### Exercise objective
Retype, word for word, every line from the one holding "Cashmere Long-Sleeved Polo | Ashen Brown" through the one holding "其中 ECCO RETRO" in the entries below, both included, and only those lines.

Start of Listed records

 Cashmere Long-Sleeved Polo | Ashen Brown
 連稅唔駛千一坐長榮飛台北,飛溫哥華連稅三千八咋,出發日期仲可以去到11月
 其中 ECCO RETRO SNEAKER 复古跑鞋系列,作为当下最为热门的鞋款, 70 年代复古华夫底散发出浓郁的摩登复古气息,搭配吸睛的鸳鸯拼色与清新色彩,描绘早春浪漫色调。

End of Listed records
Start of Listed records

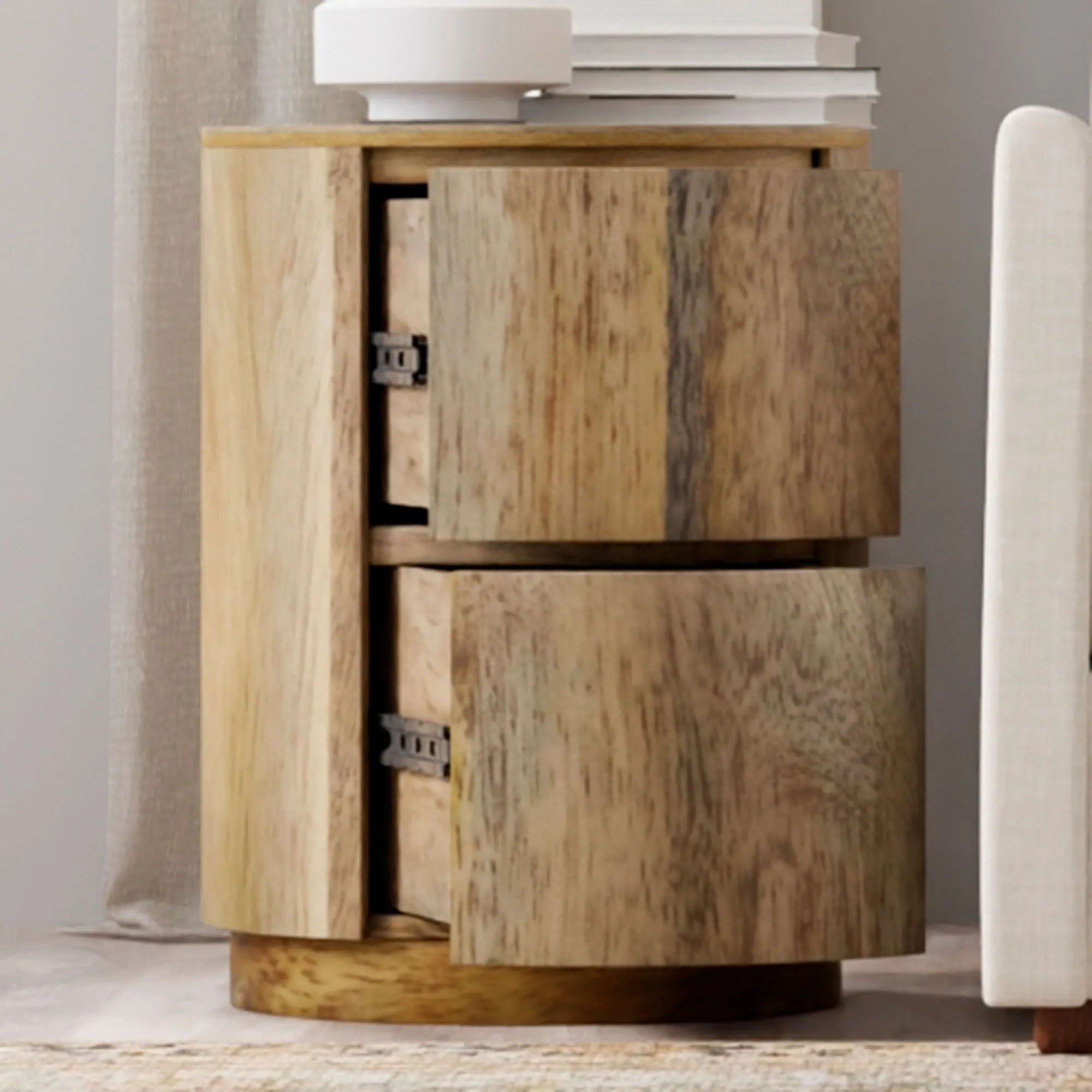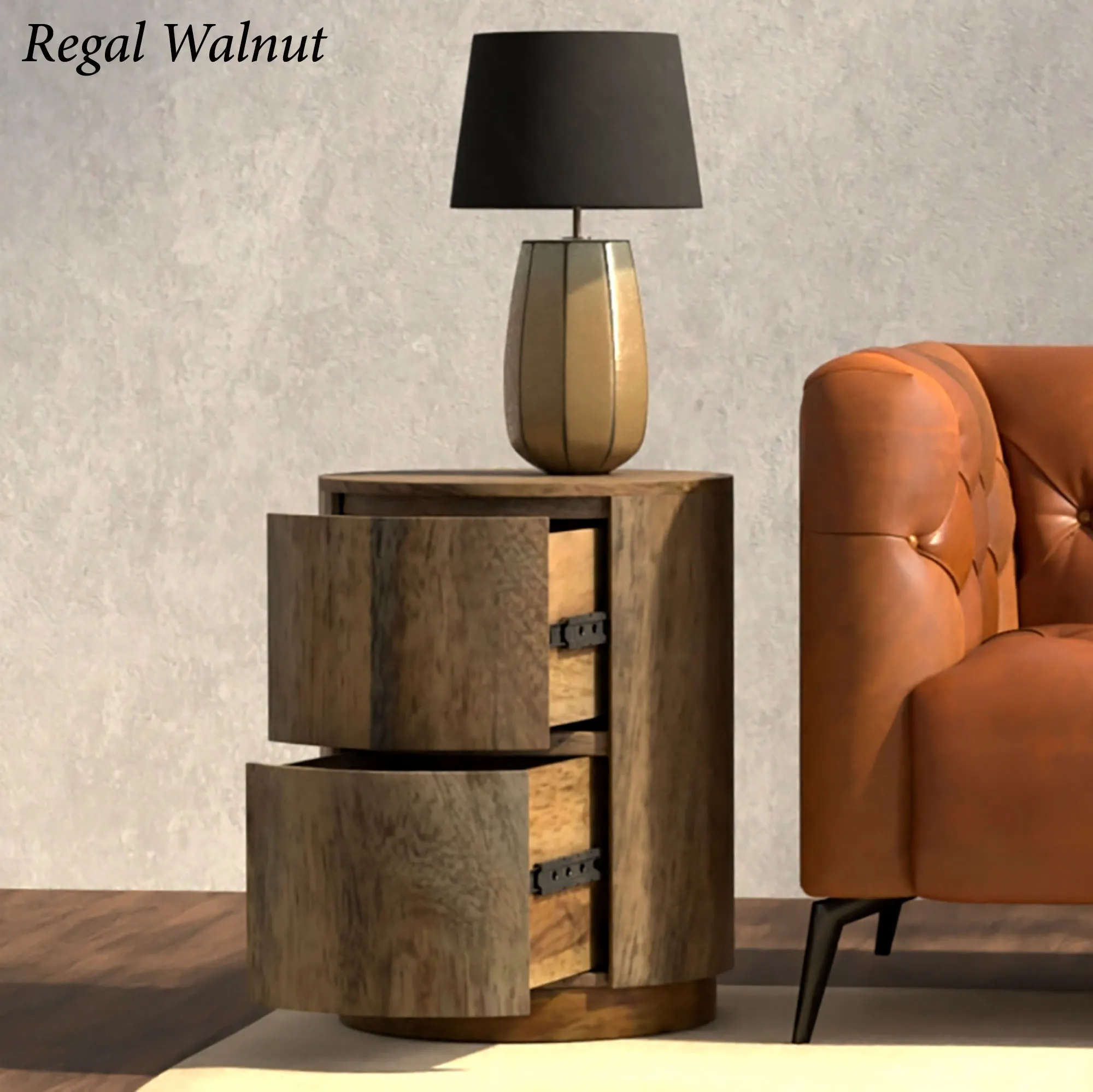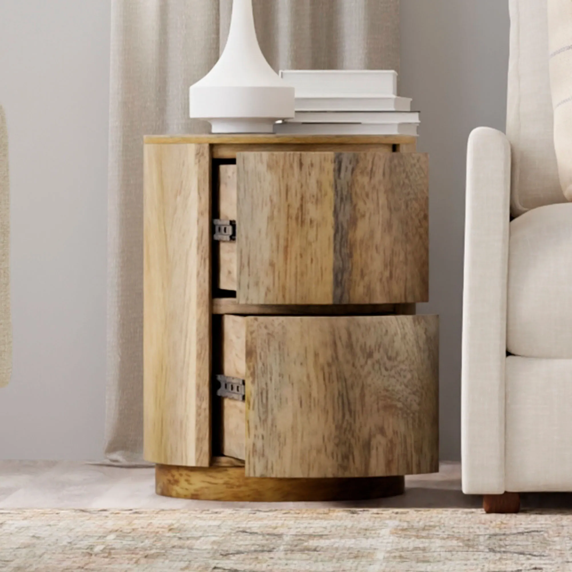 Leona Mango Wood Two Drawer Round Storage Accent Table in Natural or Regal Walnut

End of Listed records

### Task output
 Cashmere Long-Sleeved Polo | Ashen Brown
 連稅唔駛千一坐長榮飛台北,飛溫哥華連稅三千八咋,出發日期仲可以去到11月
 其中 ECCO RETRO SNEAKER 复古跑鞋系列,作为当下最为热门的鞋款, 70 年代复古华夫底散发出浓郁的摩登复古气息,搭配吸睛的鸳鸯拼色与清新色彩,描绘早春浪漫色调。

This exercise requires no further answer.